I'm currently trying to use the GATK pipeline for SNP calling to call SNPs. At the step where you use GATK's 'BaseRecalibrator' tool, you have to provide a set of known SNPs. Unfortunately, for my organisms, these are not annotated.
However, these organisms do have a reference genome sequenced. In a nature paper from Prado et al, they created a...
"set of training SNP positions that are independent of Illumina short read data based on capillary sequence traces obtained for each species from the NCBI trace archive based on the whole genome shotgun (WGS) reads produced for the species reference assemblies. We mapped capillary reads using ssaha2 and called SNPs using the neighborhood quality score criteria implemented in ssahaSNP." (Prado-Martinez et al Nature 2013, supplementary information)
So looking at the NCBI trace archive, it seems like there is a pretty nice ftp site (and even a java applet that you can use to download things). However, I'm a bit confused on how this will help me call SNPs. On the ssahaSNP page, they say that:
"ssahaSNP is a polymorphism detection tool. It detects homozygous SNPs and indels by aligning shotgun reads to the finished genome sequence." http://www.sanger.ac.uk/science/tools/ssahasnp
How can you call 'homozygous' SNPs from the finished genome sequence using shotgun reads? Shouldn't the finished genome be the consensus of those reads, and therefore homozygous SNPs would just be the base called in the reference?
Any ideas?
Thanks!
Hi John, Thanks for your reply.
Do you have an example of a "simple" SNP caller that you mentioned above, or would you just write a very simple one using some heuristics (e.g. call a SNP if it doesn't violate a binomial distribution with p=0.5)? I think I could do that fairly easily with python using the pysam module...
I understand your second point. However, what if you were using the same sequencing reads from the same single individual that a genome project is based on (e.g. CLINT for the chimpanzee genome)? Even if the trace archive had other individuals on it, wouldn't you get conflicting information if you input all of these reads (from Clint and some other individuals), so it wouldn't call a SNP? I'm sorry for these elementary questions, but the sshaSNP site doesn't have much info on it. I'm wondering if perhaps you (or others) have some experience with this tool.
Well if it's from the same individual, then I guess that throws out the possibility of a homozygous SNP, unless there's some technical artifact in de novo alignment that could lead to that (I know very little about de novo alignment beyond the absolute theoretical basics, so i can't say!).
But perhaps it's the terminology that's causing the problem here. The term "SNP" is very ambiguous, and some people will swear blind that it means X, while another chap is sure it means Y. Often X will be a senior tenured geneticist and will argue from authority, whilst Y will point to a text book or Wikipedia and argue from a different kind of authority. Truthfully, the term was coined before anyone really knew what was going on, and it doesn't hold a whole lot of value since it's so ambiguous.

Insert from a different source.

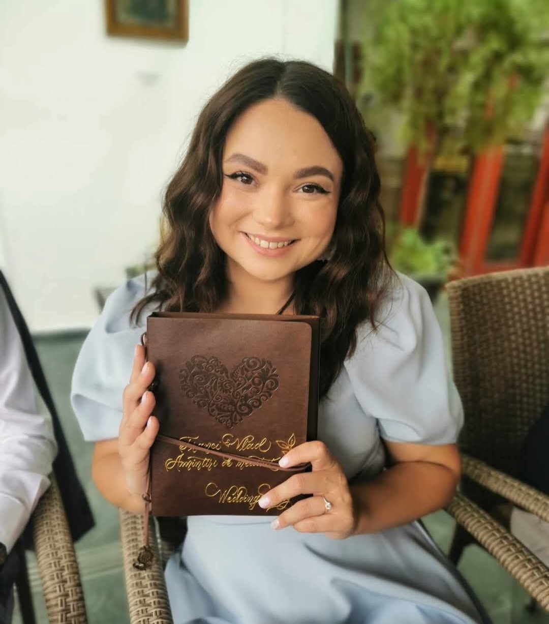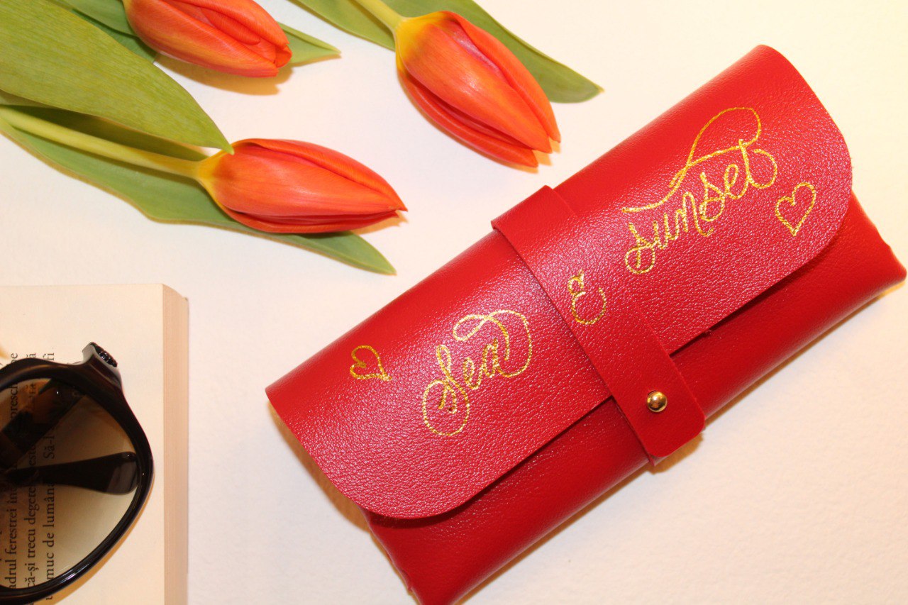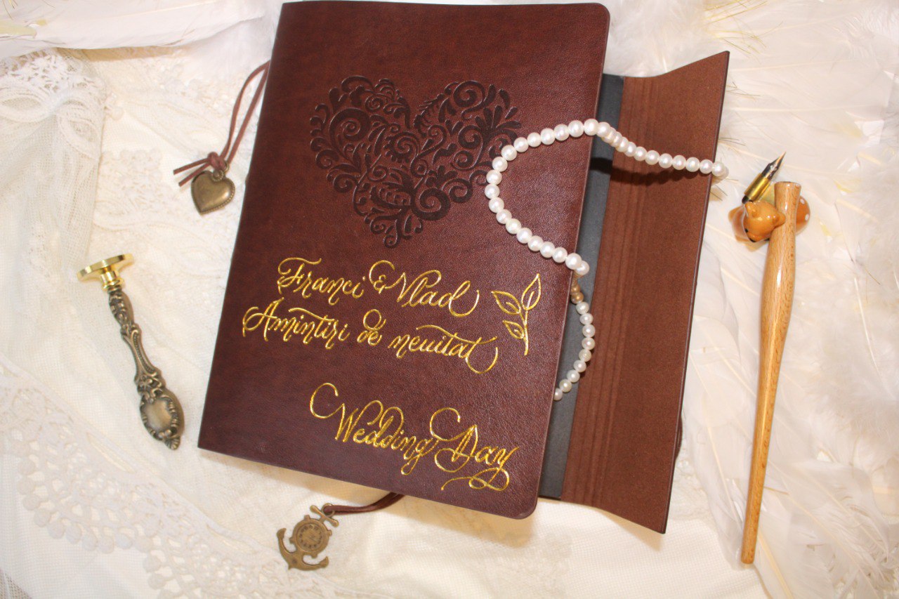De pildă: tocurile de ochelari, portofelele, albumele foto, brelocurile din piele sau orice altceva vizualizezi pentru viitorul tău eveniment și este pretabil.

Every base in your genome with a 1:1 mapping to a reference genome has the probability of being one of 4 states - A,C,G, and T. The reference base is usually the most commonly seen base in the population - but not always, as there are some human SNPs which occur above 50% frequency. In fact, the very idea of a reference genome doesn't really make much sense if it's just down to frequency - when the UK10K was first being established, I sat in some very long and boring conference calls where we discussed what we should do to prevent UK SNPs from dominating dbSNP and artificially inflating the allele calls, which might lead to the reference human genome becoming very UK-centric, which would obviously unfairly effect the mapping rates of DNA from less-established countries. (NB: This was 5-6 years ago before long NGS reads where a thing, in fact people thought they'd get smaller and more numerous).

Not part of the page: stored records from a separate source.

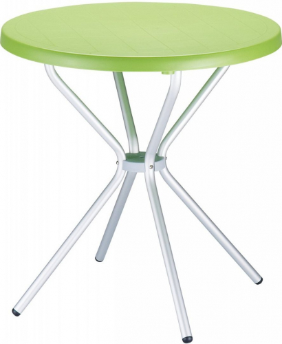 Круглый пластиковый стол Elfo со столешницей из перерабатываемого полипропилена и ножками из анодированного алюминия. Благодаря алюминиевому каркасу, столы Elfo устойчивы и и могут использоваться на открытом воздухе.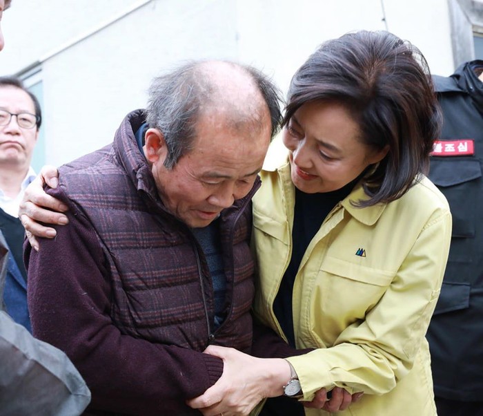 | ▲ 박영선 중소벤처기업부 장관이 산불 피해 기업을 위로하고 있다. (사진출처= 중기부 박영선 장관 블로그) |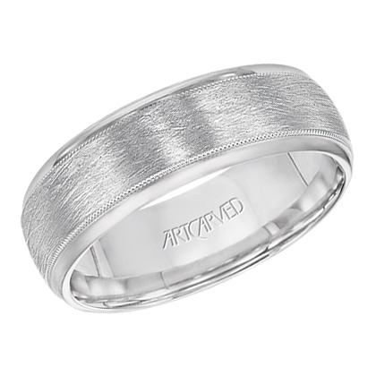 8mm wide, comfort fit, engraved wedding band with satin finish.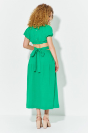 Платье женское из муслина с открытой талией. Изделие полуприлегающего кроя с А-образной юбкой. Лиф изделия с небольшой сборкой по горловине без выточек, горловина-округлая, рукав-реглан короткий с эластичной тесьмой по низу, по спинке лифа расположена застежка( планка с кнопками). Талия открытая с резинкой по переду и длинными завязками. Юбка миди с отрезным воланом и скрытыми карманами в боковых швах.
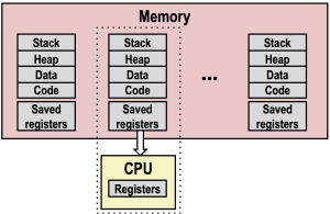 • An independent logical control flow: 각 프로그램이 CPU를 독점적으로 사용하는 것처럼 보이게 함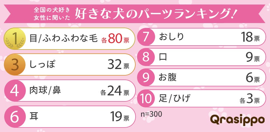 今回は、全国の犬好きな女性300人に「好きな犬のパーツ」についてアンケートを実施しました。

So to some, a SNP is a single base variation compared to the reference which occurs with a significant frequency, like above 1%. To others, just 1 occurrence is enough to be called a SNP (although I would call that a variant, not a SNP). Others still will drop the "single base" qualifier and say it must be a "single unit", such as a multi-base deletion or even multiple bases that change together such as CTG to CAG (both code for Serine, so this is actually pretty common). Other's would call that two SNPs. Bioinformaticians often say SNPs are single-base whilst multi-base insertions and deletions are something totally different called "indels" -- however that is a fairly recent distinction created as a result of the software that returns these variations producing one file for the single-base variants, and another INDEL file for the insertion/deletion variants. An old-school geneticist might say such distinctions are meaningless, however they probably don't appreciate that two individuals could have the exact same genome, but their VCF files have different indels.

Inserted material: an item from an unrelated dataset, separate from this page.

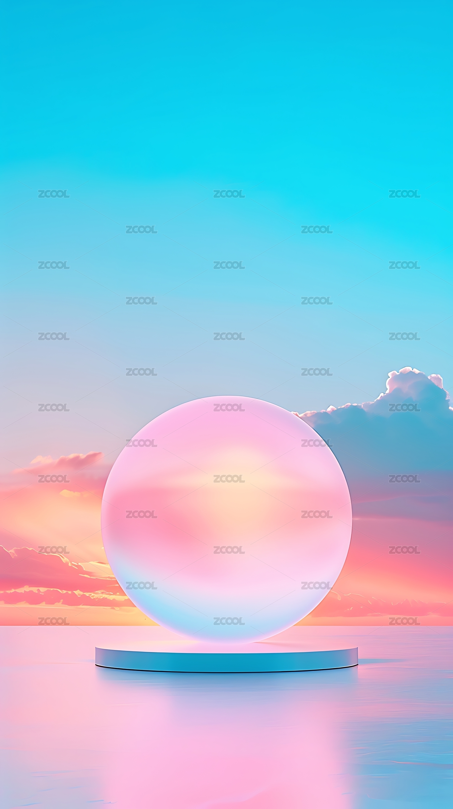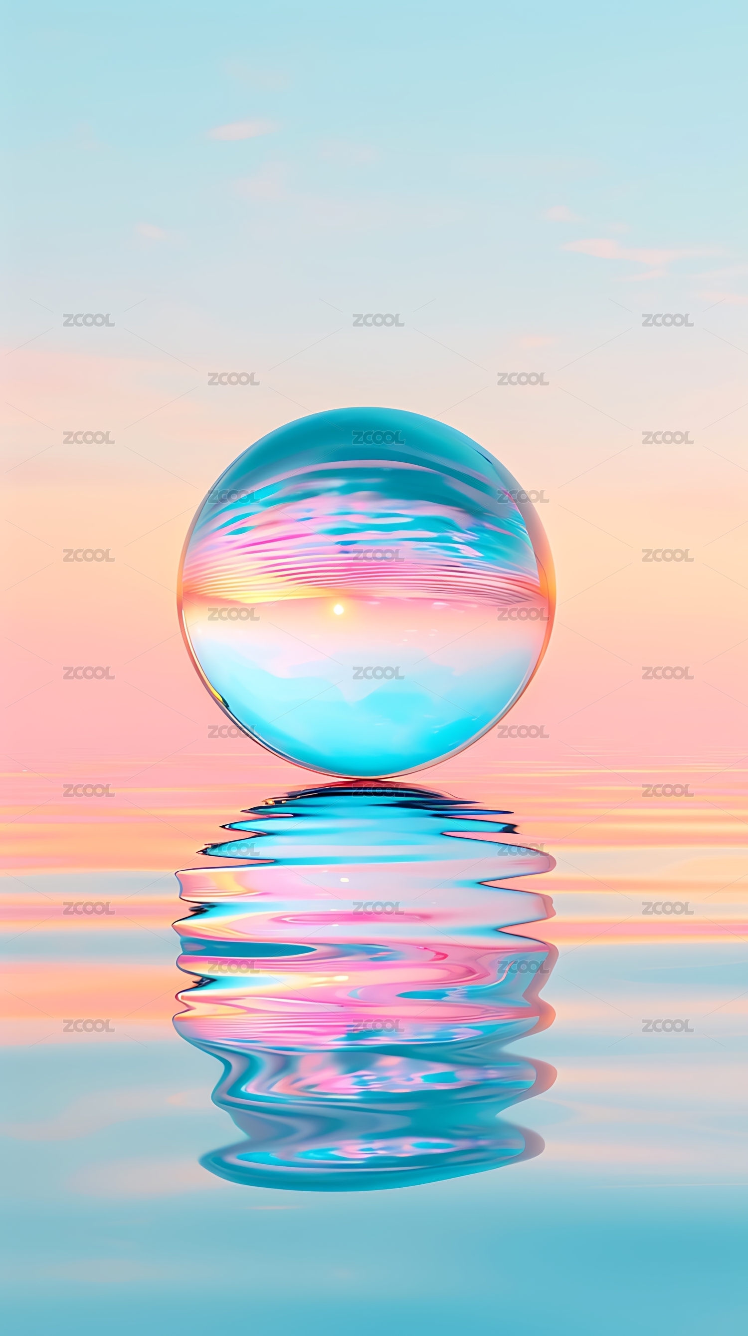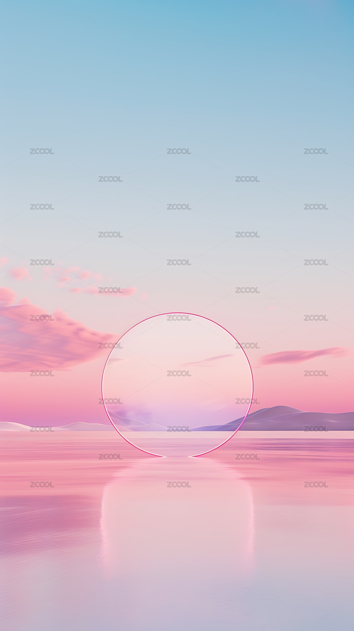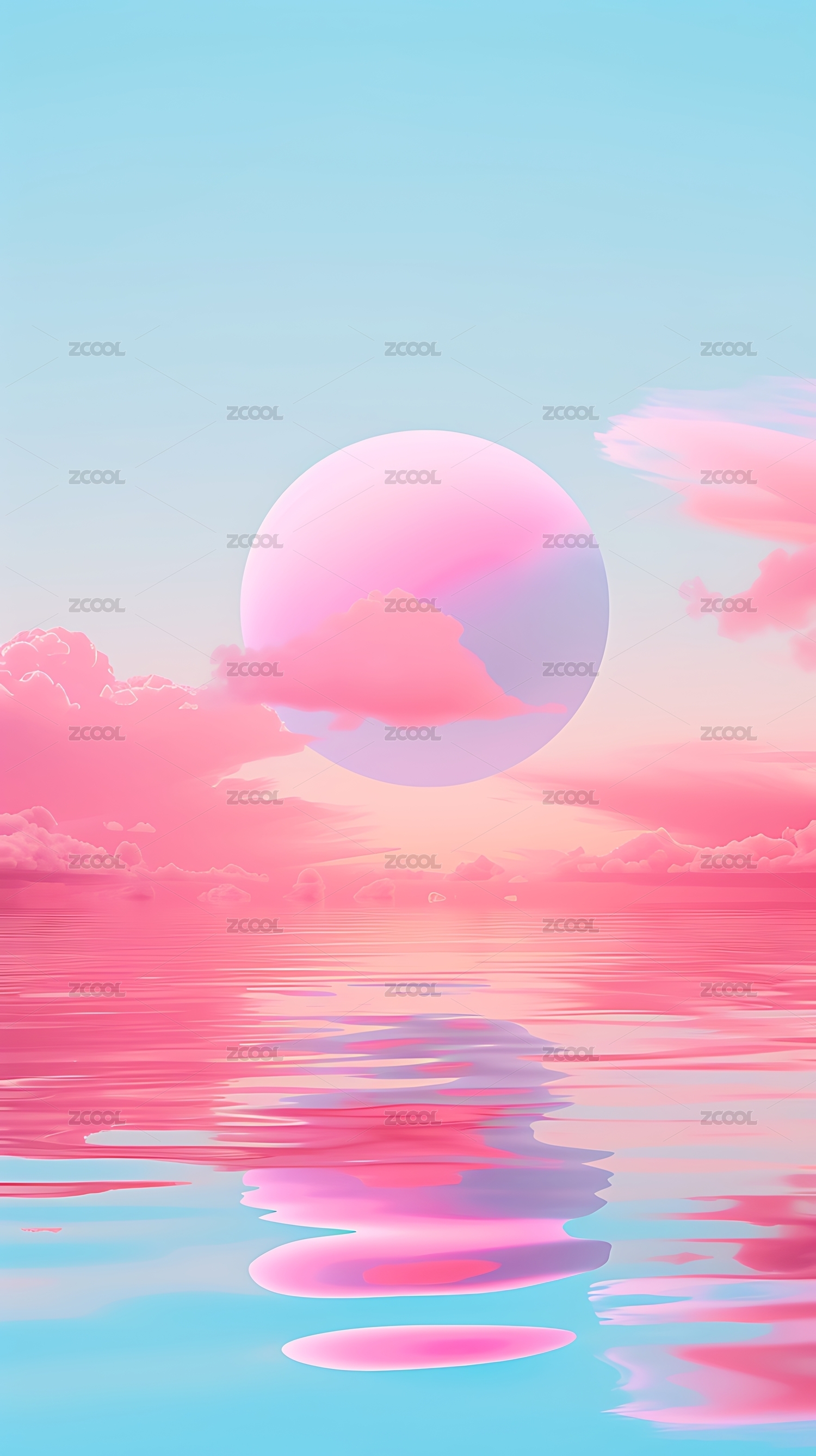 海洋,梦幻,水彩,光线,粉色,天空,唯美,日落,平静,反射

So depending on your definition, you can have a homozygous SNP having sequenced just 2 individuals from the entire species - however it might not be a SNP for long, after a 3rd individual gets sequenced. You see the issue.
So maybe in light of the above, this is a little clearer to you now. There's no such thing as conflicting information. There is only good sequencing and bad sequencing :)
EDIT: Oh and for a simple SNP caller you probably just want samtools mpileup or something, and parse the output for at least three reads that support the SNP and forget probabilities all together. You're not really calling SNPs - you're excluding regions that may be SNPs, but keeping all the sequencing errors. Essentially, you are trying to find (to exclude) regions where 100s of reads all start from an indel (like this: Strange Pattern in Bam File ) because that has a legitimate chance of b0rking the BQSR.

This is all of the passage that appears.